• INSTRUCTIONS TO FOLLOW
The lines to return run from the start of the material below through the line holding "Besides integrations with", both included; please give them back exactly, minus the pictures.

• DATA
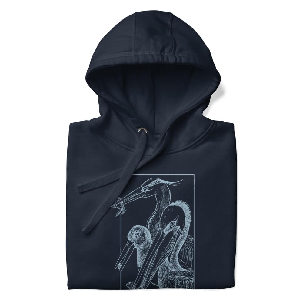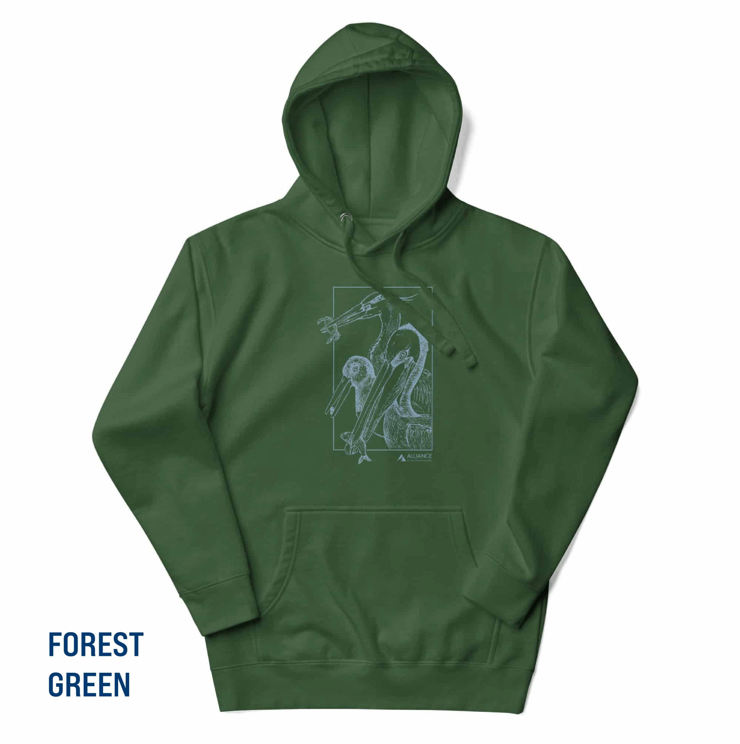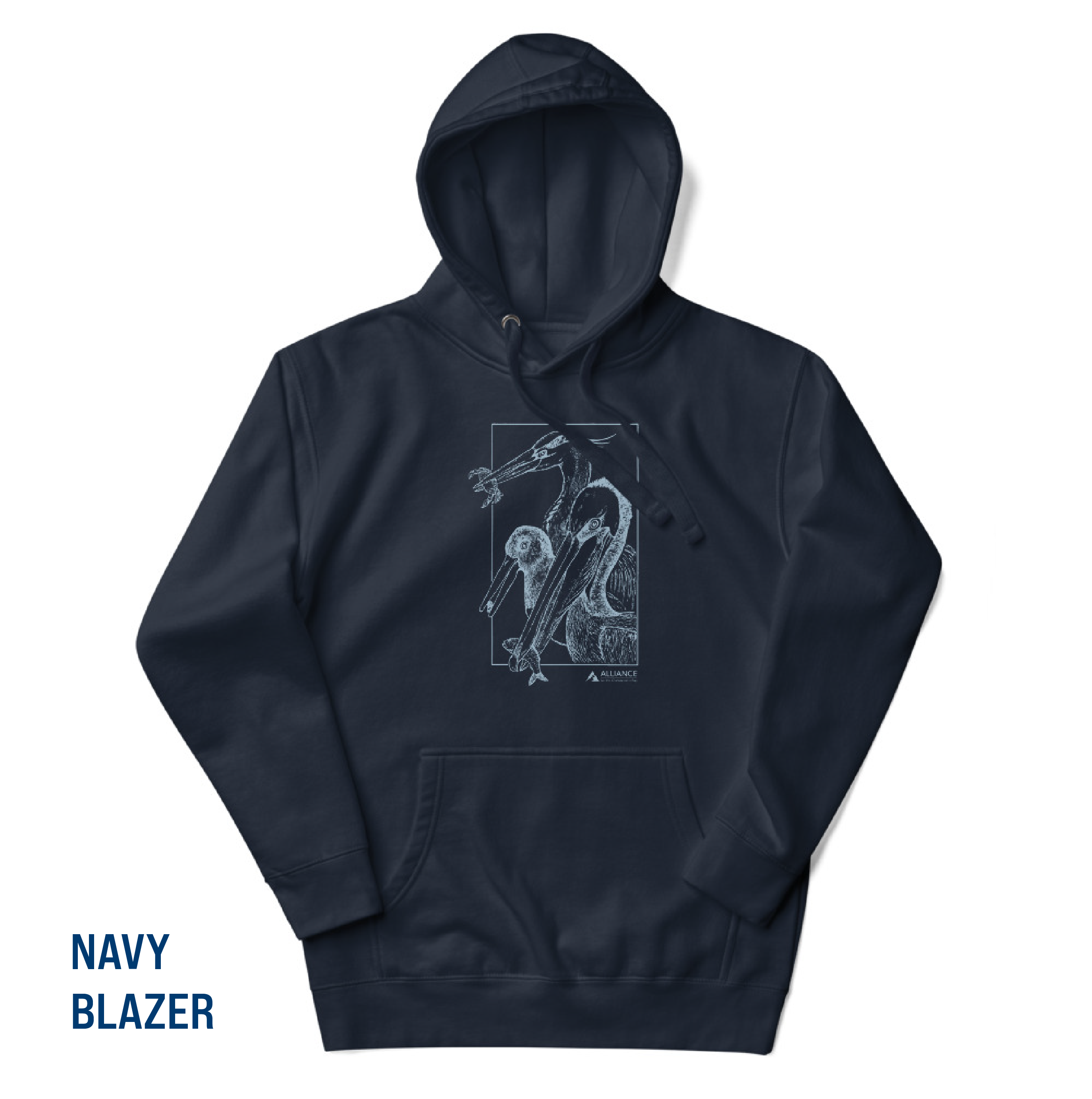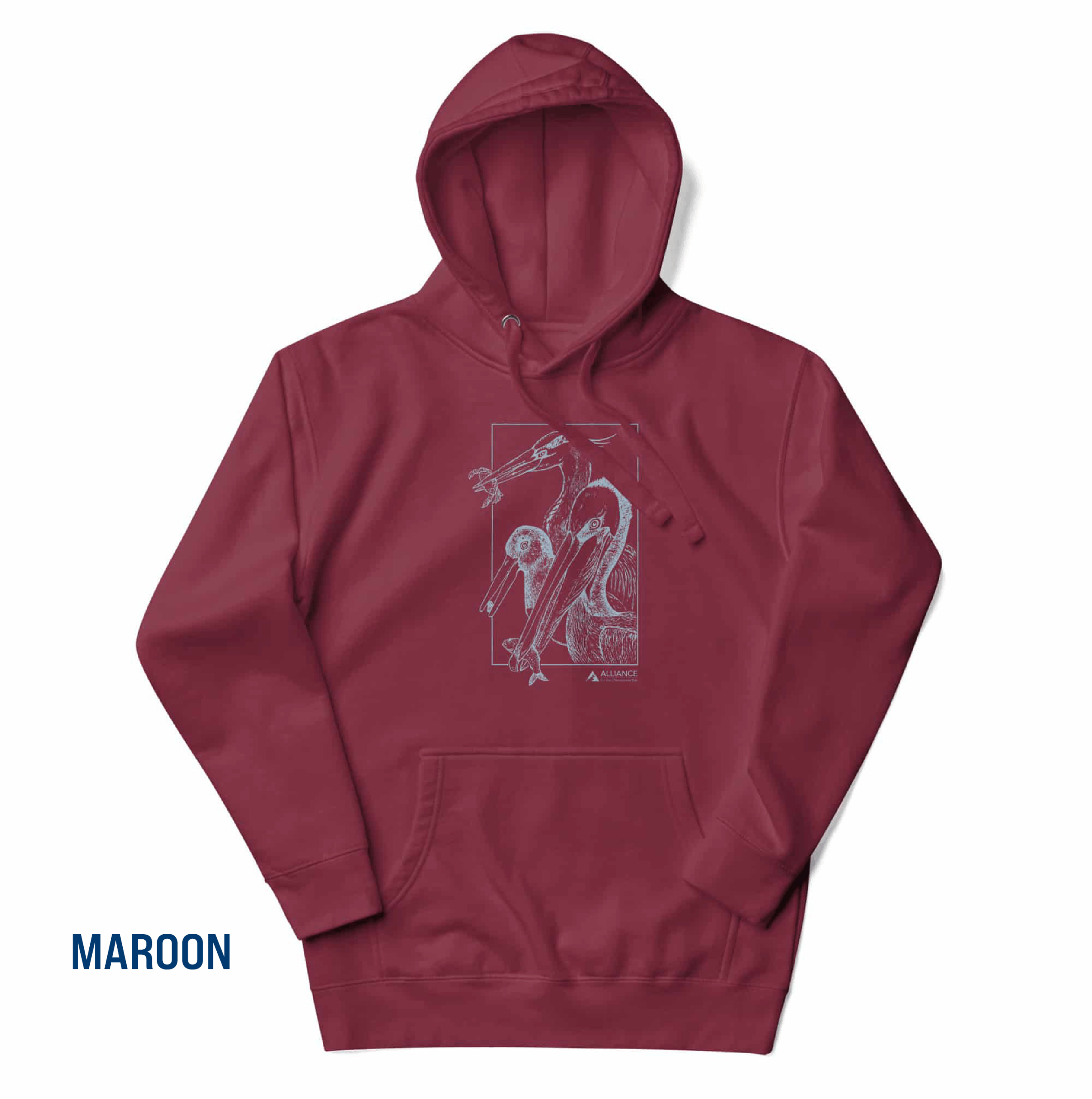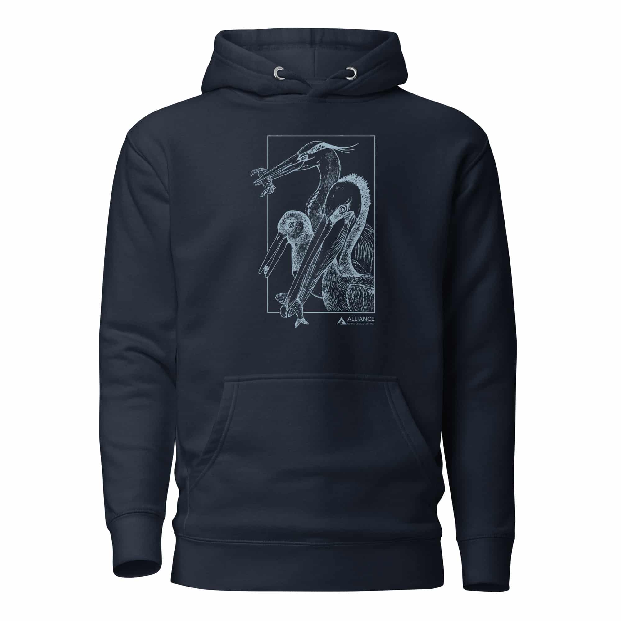 Our Bay Birds design is now offered in a hoodie! Adapted from the Alliance’s artwork archives, this Bay Birds hoodie allows you to show off a few Chesapeake-native avian species in style: Great Blue Heron (Ardea herodias), American Oystercatcher (Haematopus palliatus), and Brown pelican (Pelecanus occidentalis).
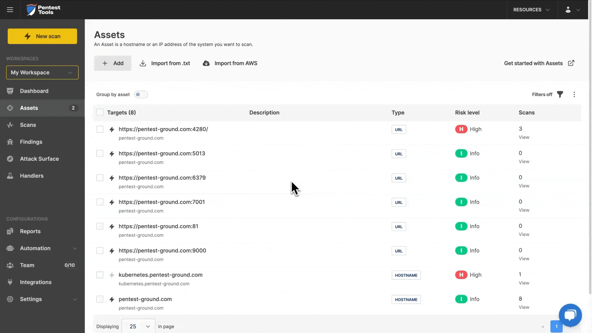Besides integrations with Discord (for custom notification flows) and Vanta (for automatic PDF reports from scheduled scans), we also added an AWS integration to make importing AWS targets into your account quick and effective.
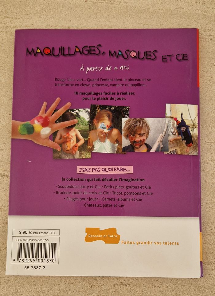 En très bon état, servi le temps d'un anniversaire. Résumé : Princesses, pirates, sorcières et sorciers... Laissez votre enfant se réinventer et exprimer sa créativité de façon ludique et festive ! Découvrez 18 modèles de maquillages faciles à réaliser par un enfant, seul ou avec l’aide d’un adulte, avec les doigts ou au pinceau. Pour chacun des modèles, retrouvez les explications pas à pas simples et claires, expliquées par de nombreuses photos et des pictogrammes qui permettront à votre enfant d’identifier chaque tâche à réaliser. En plus, vous trouverez des conseils pour découvrir les différents types de maquillages, utiliser les bons pinceaux et mélanger les couleurs. Un bon moment à partager entre petits et grands !
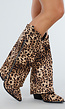 Deze cowboylaarzen zijn uitgevoerd in een stevige suèdelook met all-over luipaardprint in beige, bruin en zwart. De schacht is hoog en loopt uit in een V-vormige uitsnijding aan de bovenzijde, afgewerkt met lussen aan weerszijden. Langs de buitenzijde bevindt zich een ritssluiting. De laars heeft een spitse neus en een stevige zwarte blokhak. Het model valt tot net onder de knie.

• SOLUTION
 Our Bay Birds design is now offered in a hoodie! Adapted from the Alliance’s artwork archives, this Bay Birds hoodie allows you to show off a few Chesapeake-native avian species in style: Great Blue Heron (Ardea herodias), American Oystercatcher (Haematopus palliatus), and Brown pelican (Pelecanus occidentalis).
Besides integrations with Discord (for custom notification flows) and Vanta (for automatic PDF reports from scheduled scans), we also added an AWS integration to make importing AWS targets into your account quick and effective.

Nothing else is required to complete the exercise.